Mr. M. Drabenstott —
It has come to my attention that you are secluded in a lonely yet beautiful cabin in the Quebecois wilderness and are in need of immediate advice regarding the making of a pie, which, it is presumed, you and only you will be consuming. In addition, your access to provisions is ample but limited; any single recipe I would share might not be able to be followed with precision. I shall hereto set out to provide some guidelines and advice in straightforward and simple language in order to assist you in eating* your quarantine pie as soon as possible, leaving you with a copious amount of time for academic pursuits, Fortnite, and private poetry readings and recitations. *(Rather, beginning to eat, as this pie will last several days, excepting an an act of terrible gluttony.) Please do not hesitate to seek clarification on any of the details below through the medium of text message if assistance is required during the creative process. I am unsure what has possessed me to write this paragraph in such a formal tone. However, if it has provided one extra ounce of amusement to your solitary day, I harbor absolutely no regrets. 

Your loving friend,

Mrs. J. Gelineau
——————–

  • Pastry: Totally just use your pre-made pastries if you have them. If you’d prefer to make your own, this is a very simple recipe that can be made, then immediately rolled and put into a pan. (Most other pastries, which use butter or shortening, require refrigeration). I prefer to roll pastry between two sheets of wax paper, if you have it- it makes it easy to peel off one side once you’re done and lift and invert the whole thing over the pie pan. Otherwise, lightly flour your surface and rolling pin. 

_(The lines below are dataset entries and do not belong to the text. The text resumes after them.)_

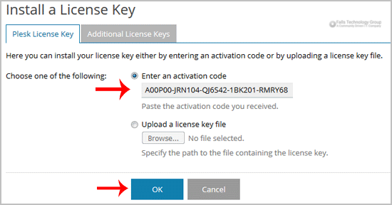 Step 4: Under Select your license type, should you have a license key, enter your Plesk Onyx license key or use a trial license by choosing Proceed with a full-featured trial license.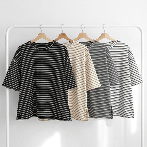 [에이치플러스몰]여성 루즈핏 스트라이프티 여성빅사이즈티 복고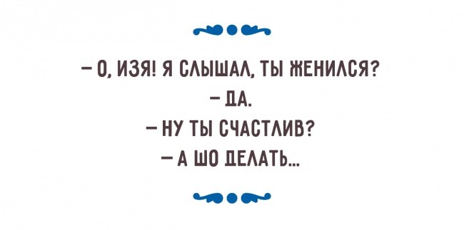 — Молодой человек! Вы меня спросили, и я вам таки скажу. Вы женаты?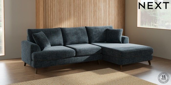 7.2.5 Buy Parker Large Sofa Chaise - Right Hand Chunky Chenille Dark Navy Blue Low Retro Tapered - Mid from the Laura Ashley online shop Click here to use our website with more accessibility support, for example screen readers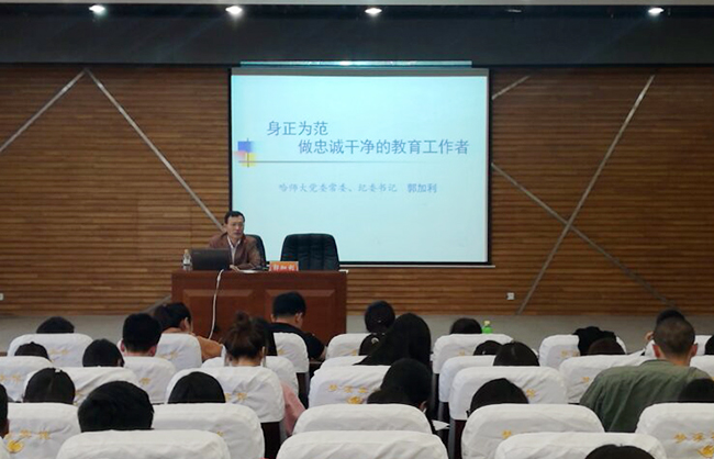 (戴旭楠/文)根据我校2017年新入职教师岗前培训工作的总体部署和具体要求,9月25日下午,党委常委、纪委书记郭加利为2017年新入职教师作了题为《身正为范,做忠诚干净的教育工作者》的讲座,教育科学学院、计算机科...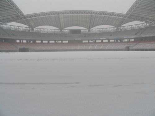 道路と違い機械作業にも限度が有ります。ピッチだけでなく観客席の除雪も必要で、そのすべてが手作業になります。積雪地に住んでみないと分からないことですが、除雪した雪を何処に捨てるかも問題になってきます。当然、除雪のためには膨大な費用が発生します。

Louise Piper’s Oil Pastry: Combine 2 cups all-purpose flour and 1 tsp. salt in a large bowl. Measure 1/2 cup vegetable oil and 1/4 cold milk (not skim, but whole or 2% is fine) in the same glass measuring cup (if you have one) without mixing the two, then dump it all at once into the flour mixture. Mix briskly, the dough will pull together into a ball. Divide the dough in half, this makes just enough for a double crust pie. You can go straight to rolling out the bottom crust for your pie. If you don’t have a rolling pin, an empty wine or large beer bottle works well. 😉

  • Filling: I heard you say you have cherries, strawberries, peaches, and one other fruit which is escaping me (blueberries?). I assume you have a standard size pie dish (9 inch). Basically you want to do about 5 cups of fruit unless you’re using strawberries. Those bubble up so much that you probably would want to stick to 4 cups of fruit total or you might have a huge mess in the oven. So add your fruit to a bowl. Peach/cherry is one of my current favorite combos but any combos will be yummy. 🙂 If you have a bigger dish, you can go up to 6 cups of fruit. Add between 1/3 and 1/2 cup of sugar depending on the size of the pie, and 1-2 tsps of lemon juice (if you have it? Or lime, or orange…! Something citrus!) If you have a lemon, a little zest in the filling is nice too. Also can’t go wrong with 1/2 of cinnamon and a sprinkle of nutmeg if you happen to have those things. A little vanilla is nice in peach pies. Combine all of this and let it sit for 10 minutes until you can see visible juices in the bottom of the bowl. Then add to the bowl 2 tablespoons and another spoonful of sugar (premix those in a separate little bowl). Mix until the cornstarch mixture is well incorporated into the fruit. Pour filling into pie crust lined baking dish. Add several small pats of butter scattered around the top of the pie. (Oh- and if you don’t have cornstarch, you could use flour in its place. Maybe 3 TBSP instead of 2…)
  • Top crust: Get a little bowl of water for your fingers ready. Roll out the top crust. Dip your fingers in water and run a little bit around the edge of the bottom crust, then invert the top crust over the whole pie. Trim the excess pastry to be flush with the edges of the pie pan, then press all around the edges with a fork to bind together, or sculpt together in a ridge. If you have extra pastry, make the shape of a whale and pop that on top. Prick the top crust with a fork several times, including at least once or twice near the edge of the pie. That’s where you will look for bubbling to check doneness – thick juicy bubbles are what you want. If you want, you can sprinkle or brush the top of the pie evenly with milk and a little bit of white sugar.
  • Baking: Bake at 400 F for 30 minutes, then rotate the pie 180 degrees so that the part that was facing the back of the oven is now facing front, turn down the temperature to 375 and bake for about 25 more minutes- but start checking earlier for those bubbles, and a golden top crust. Every oven is different!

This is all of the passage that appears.